• Your assignment: Starting with the line with "图4:光明日报记者在福州采访老教师黄以雍(右),听她讲述教育事业的喜人变化。" in the entries below and going on through the line with "中新社發(fā) 曾嘉 攝", output every line exactly and nothing more. No pictures.

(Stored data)
⁂
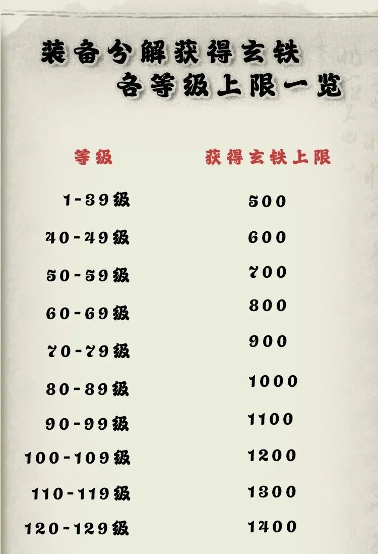上面的表列出了每天通过分解可以获得玄铁的数量上限,超了这个上限,分解什么都不给玄铁了哦,所以如果你有多的装备,不要一次过分解完,玄铁很珍贵,每天卡着上限就好啦(珍惜珍惜,不要图手快)
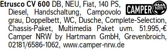 Anzeigentitel: Etrusco CV 600 DB, NEU, Fiat,
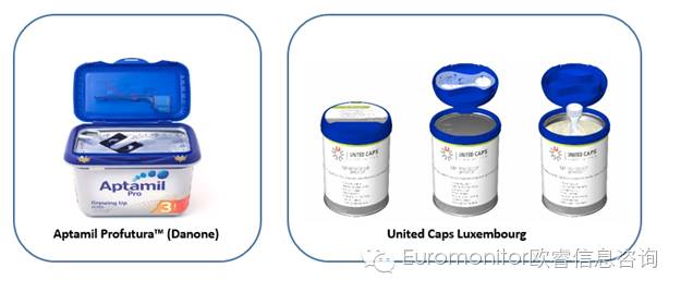为了捕捉到消费者对婴儿食品安全的顾虑,品牌以及包装生厂商开始投资创新性的密封盖,不仅具备功能,同时安全。16年的夏天,达能Aptamil在西欧发行了一款加强版的标准功能性奶粉配方---Aptamil Profutura™(图片如下)。除了额外的成分,包装—安全盒,是另一个主要的卖点,来迎合有顾虑的父母。800g的薄壁容器包装拥有一款可以上锁的塑料分配系统,有一个防揭封条,和内部箔,防止伪造和首次使用的污染。勺子,在盖子的上面,可以在生产过程中,可以预防对产品的污染。在角落的地方,还有专门放勺子的位置,方便父母准备奶粉的时候使用。
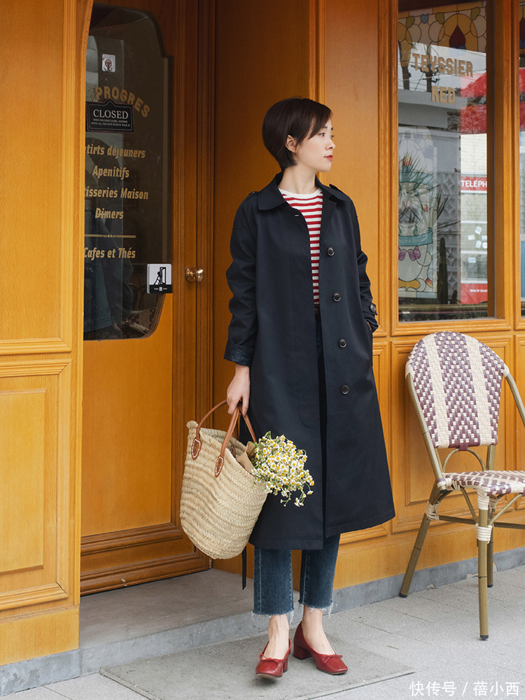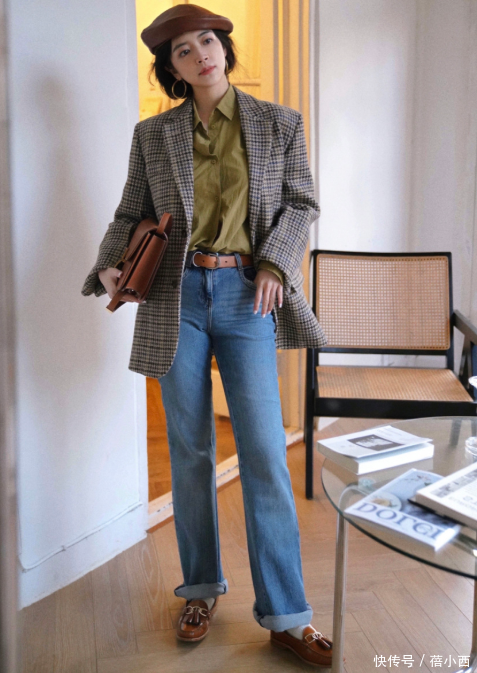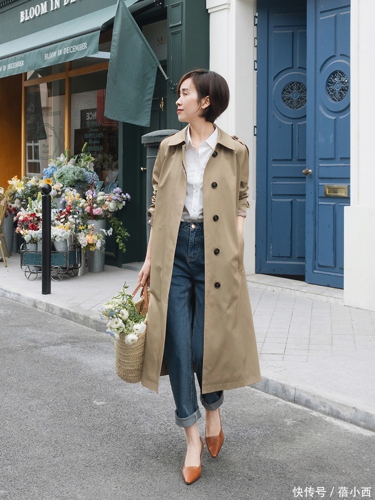 在穿牛仔裤和风衣或者是大衣的时分,提议大家打开,像大衣搭配牛仔裤,打开穿不错表现咱们的腰线。
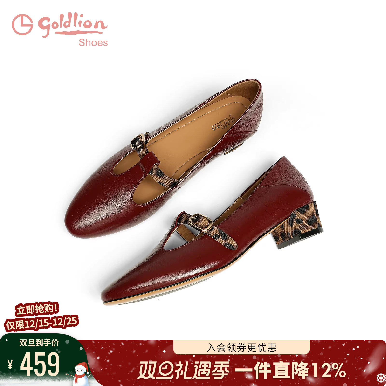 金利来法式玛丽珍鞋女中跟2025春季新款女鞋复古真皮浅口粗跟单鞋
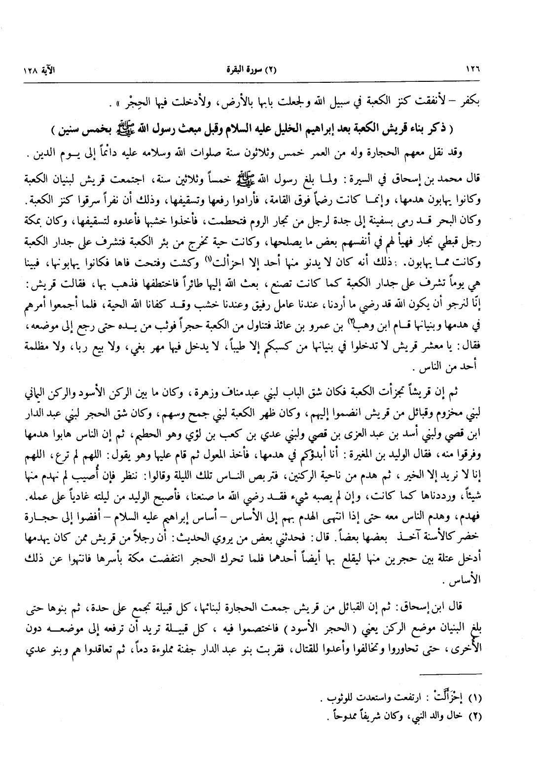 ثُمَّ إِنَّ قُرَيْشًا تَجَزَّأَتِ الْكَعْبَةَ فَكَانَ شِقُّ الْبَابِ لِبَنِي عَبْدِ مَنَافٍ وَزُهْرَةَ، وَكَانَ مَا بَيْنَ الرُّكْنِ الْأَسْوَدِ وَالرُّكْنِ الْيَمَانِيِّ لِبَنِي مَخْزُومٍ وَقَبَائِلَ مِنْ قُرَيْشٍ انْضَمُّوا إِلَيْهِمْ، وَكَانَ ظَهْرُ الْكَعْبَةِ لِبَنِي جُمَحٍ وَسَهْمٍ، وَكَانَ شَقُّ الْحِجْرِ لبني عبد الدار ابن قُصَيٍّ وَلِبَنِي أَسَدِ بْنِ عَبْدِ الْعُزَّى بْنِ قُصَيٍّ وَلِبَنِي عَدِيِّ بْنِ كَعْبِ بْنِ لُؤَيٍّ وَهُوَ الْحَطِيمُ، ثُمَّ إِنِ النَّاسَ هَابُوا هَدْمَهَا وَفَرَقُوا مِنْهُ، فَقَالَ الْوَلِيدُ بْنُ الْمُغِيرَةِ: أَنَا أَبْدَؤُكُمْ فِي هَدْمِهَا، فَأَخَذَ الْمِعْوَلَ ثُمَّ قَامَ عَلَيْهَا وَهُوَ يَقُولُ: اللَّهُمَّ لَمْ تَرُعِ، اللَّهُمَّ إِنَّا لَا نُرِيدُ إِلَّا الْخَيْرَ، ثُمَّ هَدَمَ مِنْ نَاحِيَةِ الرُّكْنَيْنِ، فَتَرَبَّصَ النَّاسُ تِلْكَ اللَّيْلَةَ وَقَالُوا: نَنْظُرُ فَإِنْ أُصيب لَمْ نَهْدِمْ مِنْهَا شَيْئًا وَرَدَدْنَاهَا كَمَا كَانَتْ وَإِنْ لَمْ يَصُبْهُ شَيْءٌ فَقَدْ رَضِيَ اللَّهُ مَا صَنَعْنَا، فَأَصْبَحَ الْوَلِيدُ مِنْ لَيْلَتِهِ غَادِيًا عَلَى عَمَلِهِ. فَهَدَمَ، وهدم الناس معه حتى انتهى الهدم بهم إلا الْأَسَاسِ - أَسَاسِ إِبْرَاهِيمَ عَلَيْهِ السَّلَامُ - أَفْضَوْا إِلَى حِجَارَةٍ خُضْرٍ كَالْأَسِنَّةِ آخِذٌ بَعْضُهَا بعضاَ قَالَ: فَحَدَّثَنِي بَعْضُ مَنْ يَرْوِي الْحَدِيثَ: أَنَّ رَجُلًا مِنْ قُرَيْشٍ مِمَّنْ كَانَ يَهْدِمُهَا أَدْخَلَ عَتَلَةً بين حجرين منها ليقلع بها أيضاً أحدهما فلما تحرك الحجر انتفضت مكة بأسرها فانتهوا عن ذلك الأساس.
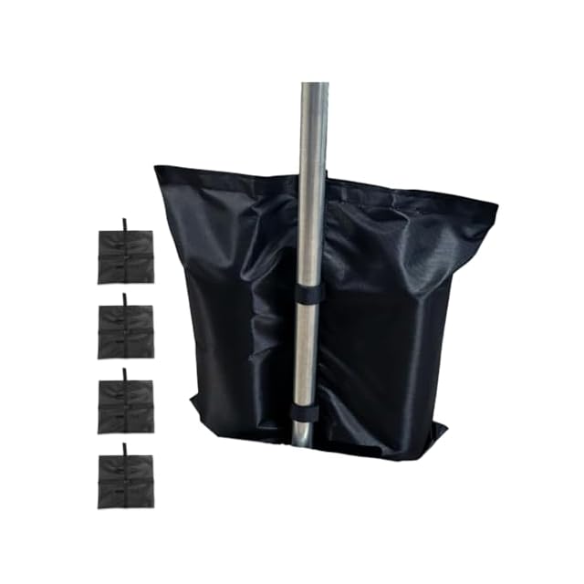 ペグが使えない場所でもしっかり固定できる、4個セットの万能ウエイトバッグです。テントやタープ、温室ハウスなどの設置時に、砂や石、水入りペットボトルなどを詰めて重しとして使えます。1個あたり約4Lの容量があり、砂なら約10kg程度まで対応可能。現地の砂や小石を使って、手軽に安定性を確保できます。 3点固定設計で安全性と使いやすさを両立。中央の仕切りで重さを左右に分散でき、マジックテープとバックルベルトでしっかりポールに固定できるので、ズレにくく安定感があります。 素材には耐水性・耐裂性・耐摩耗性に優れた600Dオックスフォード生地を採用。アウトドアや海辺など過酷な環境でも繰り返し使える高耐久仕様です。使用後はコンパクトに折りたたんで収納可能。持ち手もついているので、移動や設置もスムーズに行えます。 購入から30日以内であれば返品・返金も可能。不良や破損があった際には日本人スタッフが丁寧に対応するため、初めての方でも安心してご利用いただけます。キャンプやイベント、仮設設営をもっと安全・便利にしたい方におすすめのアイテムです。
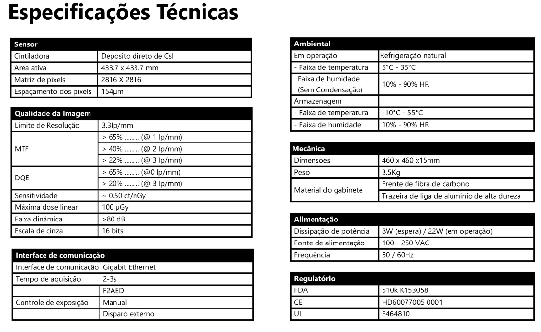 Detector Radiográfico DR Multiuso de 35.6 cm x 43.2 cm (14”x17”) sem cabo (wireless).
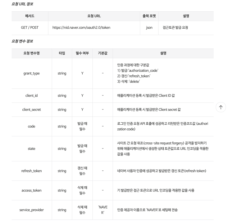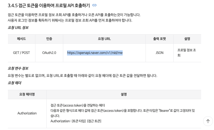 위의 Callback으로 전달받은 정보를 이용하여 접근 토큰을 발급받을 수 있다. 접근 토큰은 사용자가 인증을 완료했다는 것을 보장할 수 있는 인증 정보이다. 이 접근 토큰을 이용하여 프로필 API를 호출하거나 오픈 API를 호출하는것이 가능하다.
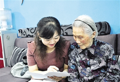 图4:光明日报记者在福州采访老教师黄以雍(右),听她讲述教育事业的喜人变化。
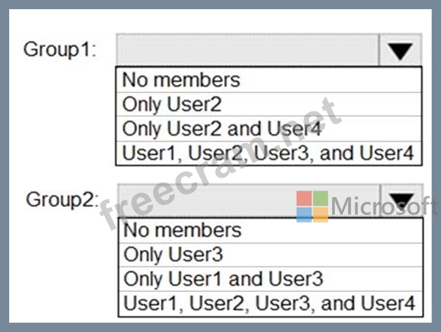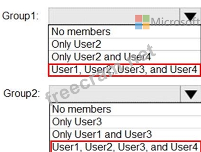 What is the membership of Group1 and Group2? To answer, select the appropriate options in the answer area.
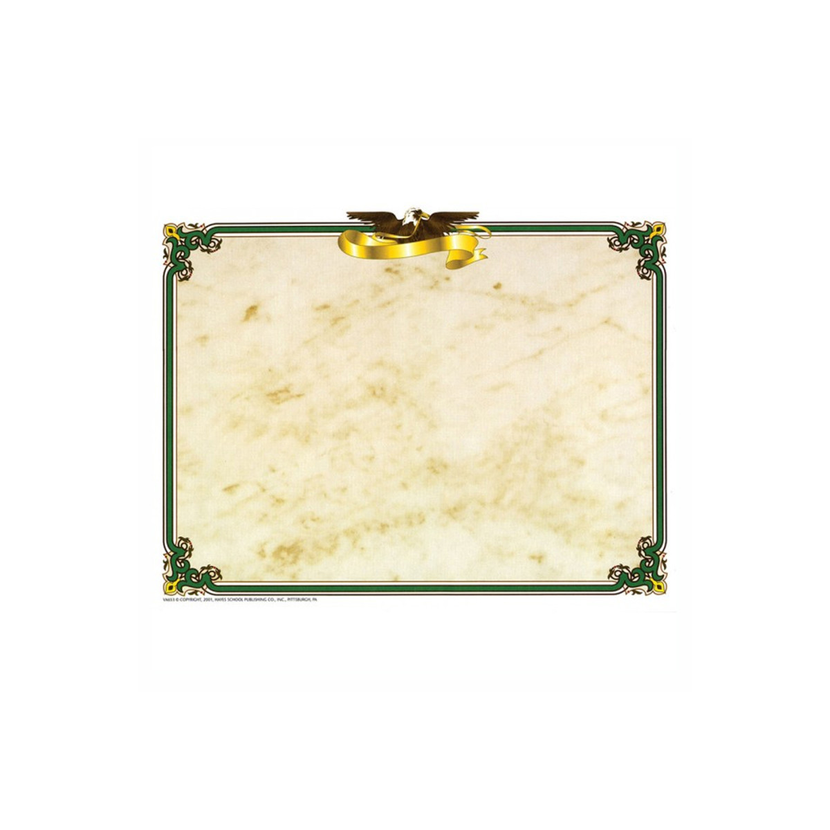 Eagle Border Paper features parchment style paper with an eagle resting on gold ribbon along the top edge. Classic look is finished with green and gold border and ornate corners. Design and create your very own invitation, program, diploma, award or certificate with this original preprinted border and your favorite word processor or page layout program. Our border paper is great for teachers and administrators to use for end of the year certificates and awards. They also make great classroom incentives. Measures 8.5" x 11". Each pack includes 50 sheets.
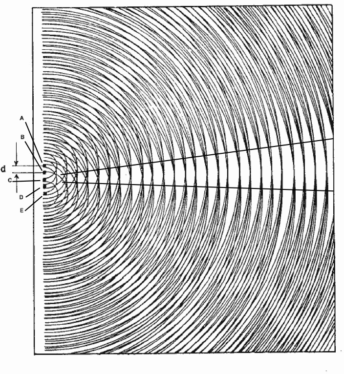 我們再來看看電子掃描,如果圖中的五個發射單元,以C單元為中心,依照跟C單元的物理距離為提前和延後發射時間參數,因為發射時間的先後次序,表現為波形的相位差別,所以這個動作,叫做移相。如果按照C,B,A次序逐次延後發射,而同時按照C,D,E次序逐次提前,離開C點的物理距離越遠,延後和提前的時間越長,這時震幅疊加以後的電磁波就會沿著一定的方位角,從C往B,A方向偏轉,偏轉的角度,跟延後和提前的時間間隔同每個發射單元之間的物理距離d有關,反之,就會往C,D,E方向偏轉,這就是所謂的電子掃描。完全沒有機械參與其中。
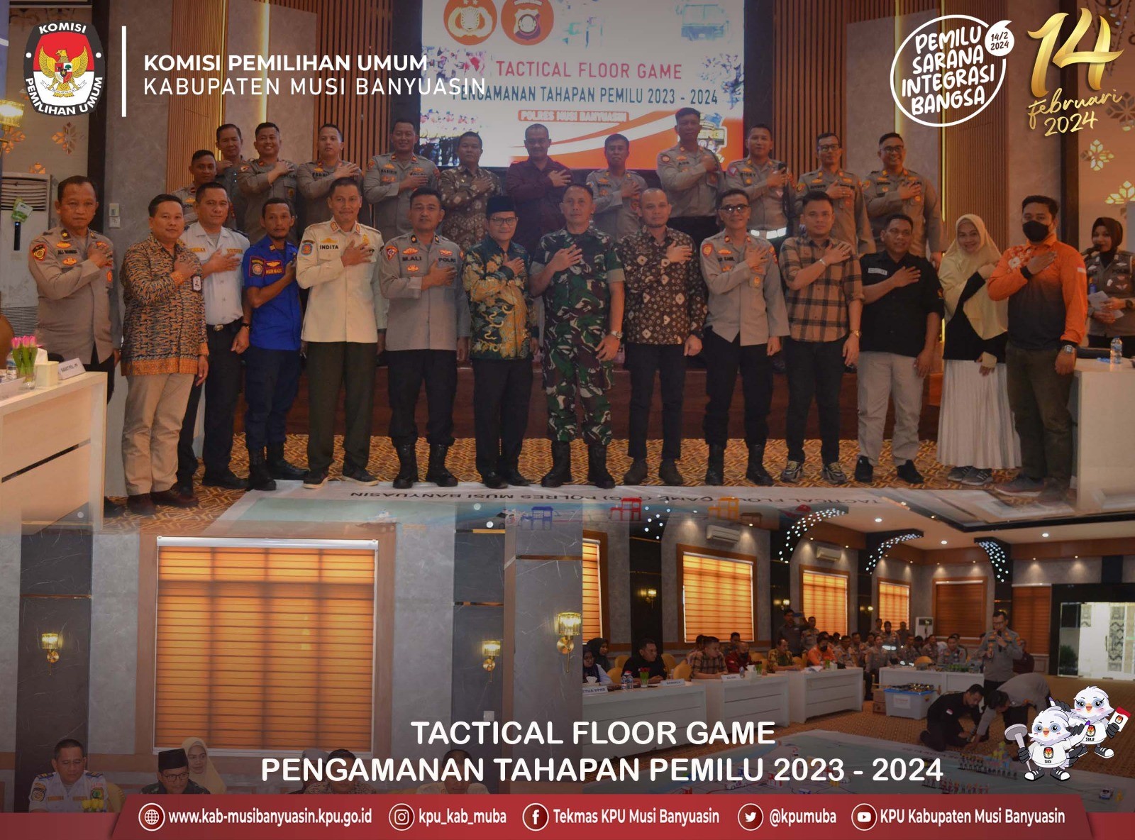 #TemanPemilih, Ketua KPU Kabupaten Musi Banyuasin Yupizer di dampingi Oleh Khoirul Anam anggota divisi Teknis penyelenggaraan, Maryani anggota divisi Sosialisasi, pendidikan pemilih, partisipasi masyarakat dan SDM, dan Amril Nurman Divisi Perencanaan Data dan Informasi Menghadiri kegiatan TACTICAL FLOOR GAME Pengamanan Tahapan Pemilu Tahun 2024 yang di laksanakan oleh POLRES Kabupaten Musi Banyuasin, Jum'at, 13/10/2023. Hadir dalam kegiatan ini ; Kapolres Musi Banyuasin KODIM 0401 Musi Banyuasin Kajari Musi Banyuasin Kesbangpol Musi Banyuasin BAWASLU Musi Banyuasin Camat Sekayu SATPOL PP Musi Banyuasin BPBD Musi Banyuasin Dishub Musi Banyuasin #KPUMelayani #PemiluSerentak2024 ------------------------------------ Find Us On: Facebook: Tekmas KPU Musi Banyuasin Instagram: kpu_kab_muba Youtube: KPU Kabupaten Musi Banyuasin Twitter: @kpumuba Website: www.kab-musibanyuasin.kpu.go.id Alamat: Jl. Sekayu - Muara Teladan RT. 035 RW. 010 Kelurahan Balai Agung Kec. Sekayu - Musi Banyuasin.
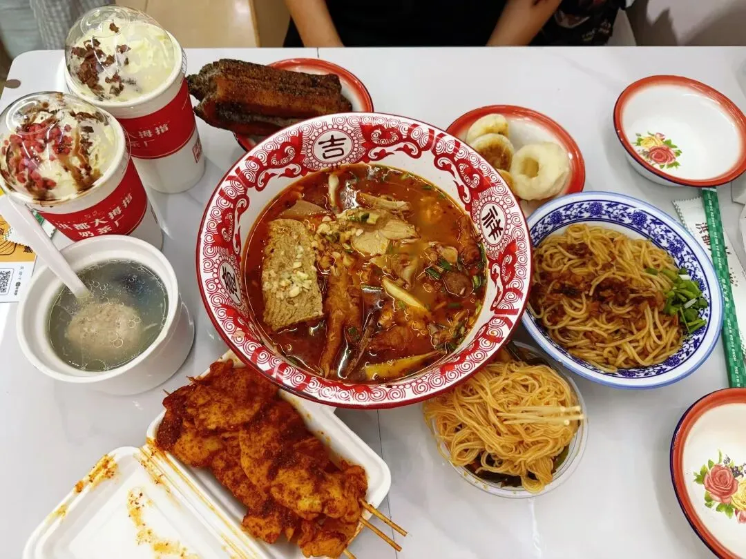 一元白糖糕、三元南昌拌粉、四元瓦罐汤、两元三个绿豆饼、十元三串的油茶炸大里脊、五元变态辣藕片、七元糯叽叽麻糍油条、10元洪都大拇指奶茶……物价感人,种类不一,铺陈在餐桌上慢慢分享品尝。
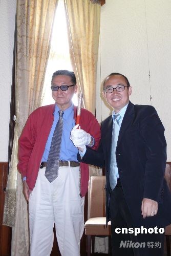臺灣知名學者李敖與大陸知名地產(chǎn)商潘石屹十八日在臺北舉行對談活動,吸引媒體采訪。圖為對談結束后,潘石屹贈送李敖北京奧運祥云火炬紀念品。 中新社發(fā) 曾嘉 攝
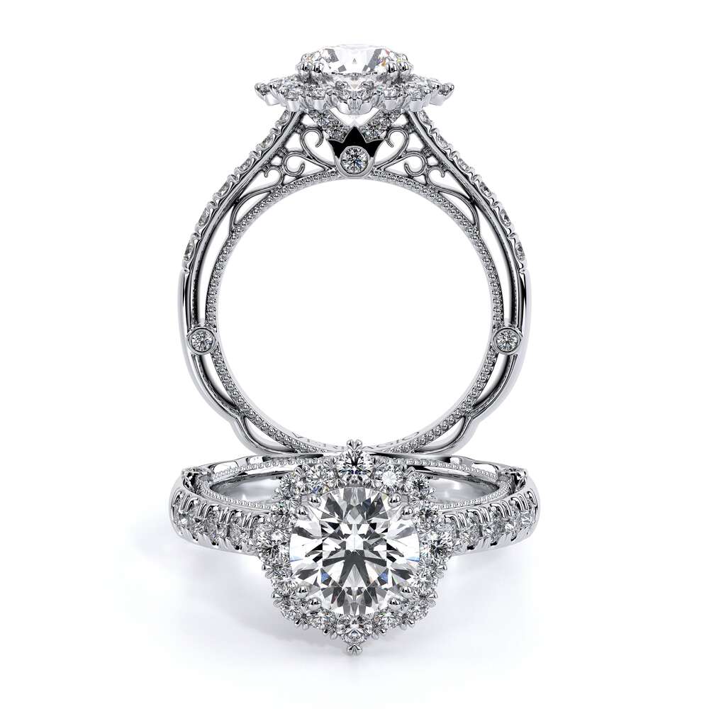 VENETIAN-5083R engagement ring features our gorgeous Starburst Halo made for a round center stone. A straight shank adorned with round brilliant diamonds completes this beauty. Continue the vintage look with a lace shank on the bottom or keep it simple with our classic shank.
⁂
• Solution for this problem:
 图4:光明日报记者在福州采访老教师黄以雍(右),听她讲述教育事业的喜人变化。
 What is the membership of Group1 and Group2? To answer, select the appropriate options in the answer area.
 Eagle Border Paper features parchment style paper with an eagle resting on gold ribbon along the top edge. Classic look is finished with green and gold border and ornate corners. Design and create your very own invitation, program, diploma, award or certificate with this original preprinted border and your favorite word processor or page layout program. Our border paper is great for teachers and administrators to use for end of the year certificates and awards. They also make great classroom incentives. Measures 8.5" x 11". Each pack includes 50 sheets.
 我們再來看看電子掃描,如果圖中的五個發射單元,以C單元為中心,依照跟C單元的物理距離為提前和延後發射時間參數,因為發射時間的先後次序,表現為波形的相位差別,所以這個動作,叫做移相。如果按照C,B,A次序逐次延後發射,而同時按照C,D,E次序逐次提前,離開C點的物理距離越遠,延後和提前的時間越長,這時震幅疊加以後的電磁波就會沿著一定的方位角,從C往B,A方向偏轉,偏轉的角度,跟延後和提前的時間間隔同每個發射單元之間的物理距離d有關,反之,就會往C,D,E方向偏轉,這就是所謂的電子掃描。完全沒有機械參與其中。
 #TemanPemilih, Ketua KPU Kabupaten Musi Banyuasin Yupizer di dampingi Oleh Khoirul Anam anggota divisi Teknis penyelenggaraan, Maryani anggota divisi Sosialisasi, pendidikan pemilih, partisipasi masyarakat dan SDM, dan Amril Nurman Divisi Perencanaan Data dan Informasi Menghadiri kegiatan TACTICAL FLOOR GAME Pengamanan Tahapan Pemilu Tahun 2024 yang di laksanakan oleh POLRES Kabupaten Musi Banyuasin, Jum'at, 13/10/2023. Hadir dalam kegiatan ini ; Kapolres Musi Banyuasin KODIM 0401 Musi Banyuasin Kajari Musi Banyuasin Kesbangpol Musi Banyuasin BAWASLU Musi Banyuasin Camat Sekayu SATPOL PP Musi Banyuasin BPBD Musi Banyuasin Dishub Musi Banyuasin #KPUMelayani #PemiluSerentak2024 ------------------------------------ Find Us On: Facebook: Tekmas KPU Musi Banyuasin Instagram: kpu_kab_muba Youtube: KPU Kabupaten Musi Banyuasin Twitter: @kpumuba Website: www.kab-musibanyuasin.kpu.go.id Alamat: Jl. Sekayu - Muara Teladan RT. 035 RW. 010 Kelurahan Balai Agung Kec. Sekayu - Musi Banyuasin.
 一元白糖糕、三元南昌拌粉、四元瓦罐汤、两元三个绿豆饼、十元三串的油茶炸大里脊、五元变态辣藕片、七元糯叽叽麻糍油条、10元洪都大拇指奶茶……物价感人,种类不一,铺陈在餐桌上慢慢分享品尝。
臺灣知名學者李敖與大陸知名地產(chǎn)商潘石屹十八日在臺北舉行對談活動,吸引媒體采訪。圖為對談結束后,潘石屹贈送李敖北京奧運祥云火炬紀念品。 中新社發(fā) 曾嘉 攝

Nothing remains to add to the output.